It’s Okay Not to Graduate in 4 Years

If you’re like me—a ’95 baby who hopped right into University after high school—you’re watching all your friends graduate right now, thinking “huh, that could’ve been me.” Two years ago, this would have inspired a full-on panic attack, but somehow now I’m relieved.

I grew up in an academically-focused high school, where most of my friends and I were taking IB classes (similar to AP) that count for University credit if you receive a high enough grade. We were setting ourselves up to be able to skip most of our first year classes, putting us on a fast-track to graduating from our Bachelor’s Degrees in three or four years.

My Dad, who is a professor at the University of Alberta, always warned me against skipping my first year classes, since they were a very valuable learning experience, and an important part of adjusting to University. Still, two years ago when I realized the degree I wanted to take was a five year degree, I will admit that I had a mini-meltdown. For me, doing something longer than it was supposed to take felt like failure. I felt like I was falling behind.

Competing at for Team Canada at Youth Worlds in New Caledonia.

Of course, as time goes on, you gain perspective.

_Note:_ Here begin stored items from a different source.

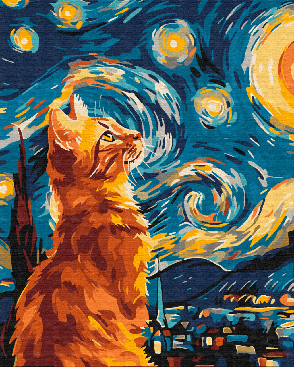 Katze unter dem Sternenhimmel - Malen-nach-Zahlen-Set auf Keilrahmen 40x50
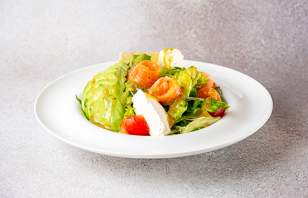 Мікс салату, малосольний лосось, авокадо, Вершковий сир Філадельфія, соус дресінг ( медово-гірчичний), чері, лимон.
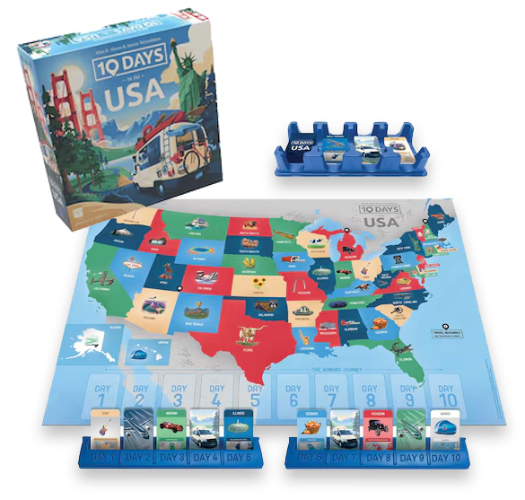 Without question, 10 DAYS in the USA keep all players fully engaged while they simultaneously learn and have fun! You can rest assured that although the game looks easy, it requires a well-planned strategy to ensure you win!
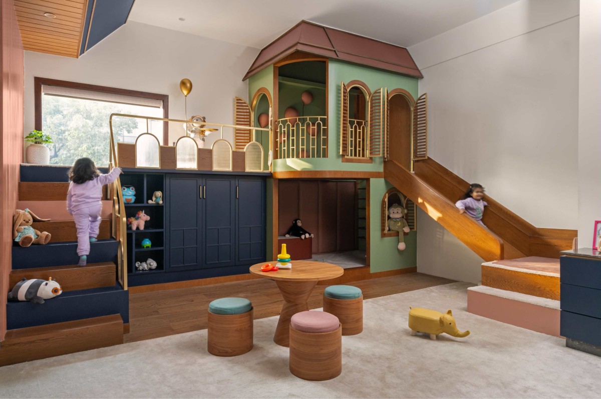The kids play area is designed as a colourful vibrant haven for the kids with a play house and a lot of storage space for toys. The space brings together all the pastel shades used in the house together to form a vibrant and a soothing combination. The play house itself has two levels where the top level is accessed through stairs on one side and a wooden slide on the other. The kids are able to climb the alternating coloured stairs, walk through a playful arched brass railing, enter the playhouse with floating balloons on the back wall, and either slide down back or step down through the metal ladder into the lower level. The lower level is a cozier bedded zone with leather wall padding for safety of the kids. The stairs and the walkway has storage space below it for toys.
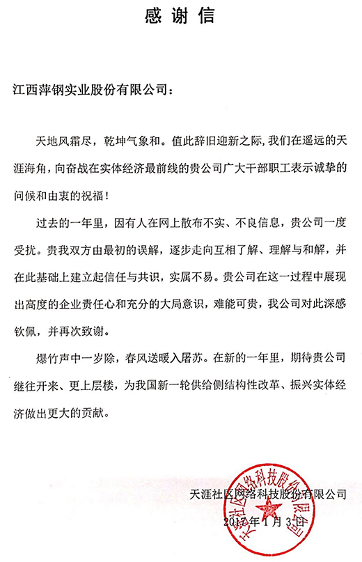 天涯社区网络科技股份有限公����� �������Ƴ������������ �������Ƴ�������司致方大萍钢的感谢信
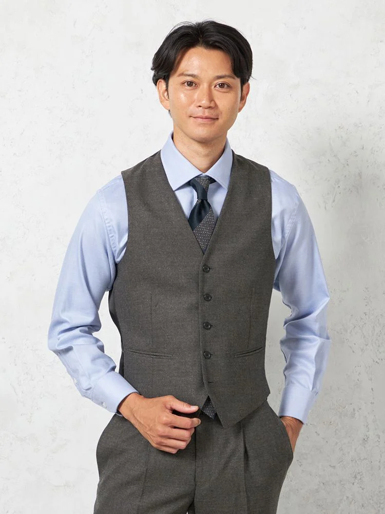 暗すぎず明るすぎない色合いは、主張の強いネクタイとも好相性。
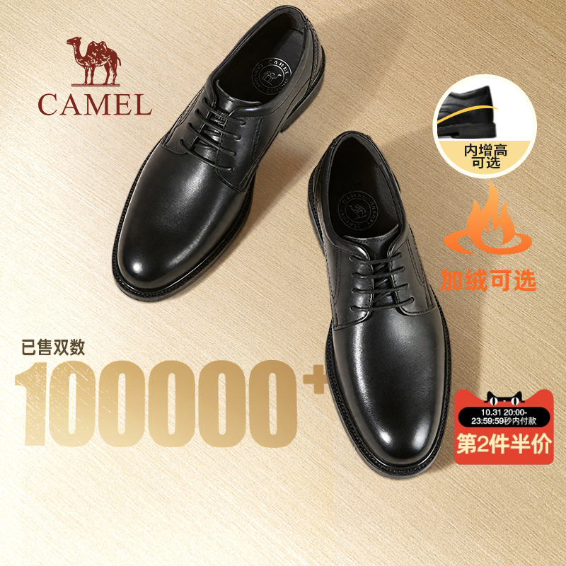 Camel 2025 winter fleece business leather shoes men's wedding groom leather heightened soft sole father shoes derby shoes

I realized that the four co-ops my five year program required me to do will provide invaluable experience that will actually get me ahead— not behind—once I graduate. And when I made the National Rock Climbing Team in my second year, my longer degree allowed me to take a lighter course load so I could take a few weeks off and compete at Youth Worlds. Throughout my degree, that teeny tiny extra semester allowed me to invest more time in friendships, get better grades, put my full heart into competing, and even complete a co-op abroad.

Doing some sight-seeing during my co-op abroad in Bali!

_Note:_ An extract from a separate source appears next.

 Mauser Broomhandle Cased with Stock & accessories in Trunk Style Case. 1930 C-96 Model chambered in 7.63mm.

The real turning point came for me last year, when I watched my boyfriend graduate. A year older than me, he had managed to achieve the increasingly-rare feat of the four-year undergrad. I was so proud watching him cross the stage, seeing him and his grad class fling their hats triumphantly into the air. In that moment, I looked around the auditorium with its proud red velvet chairs, tearful mothers, and relieved graduates, and thought: thank god I’m not graduating yet.

Ryder’s grad, June 2016.

The truth of it is, MyUVicLife readers, University is awesome. In that moment I realized how great it is to get to learn things every day, to be surrounded by wonderful, like-minded friends, to have a flexible schedule, to have an excuse for being hella broke all the time, and to have the possibilities of all your dreams at your fingertips. University is not a bad place to be, my friends. Don’t forget to enjoy it in your rush to graduate.

A note to my past self (and others like me): don’t fret so much about “being behind.” In life, there’s no such thing.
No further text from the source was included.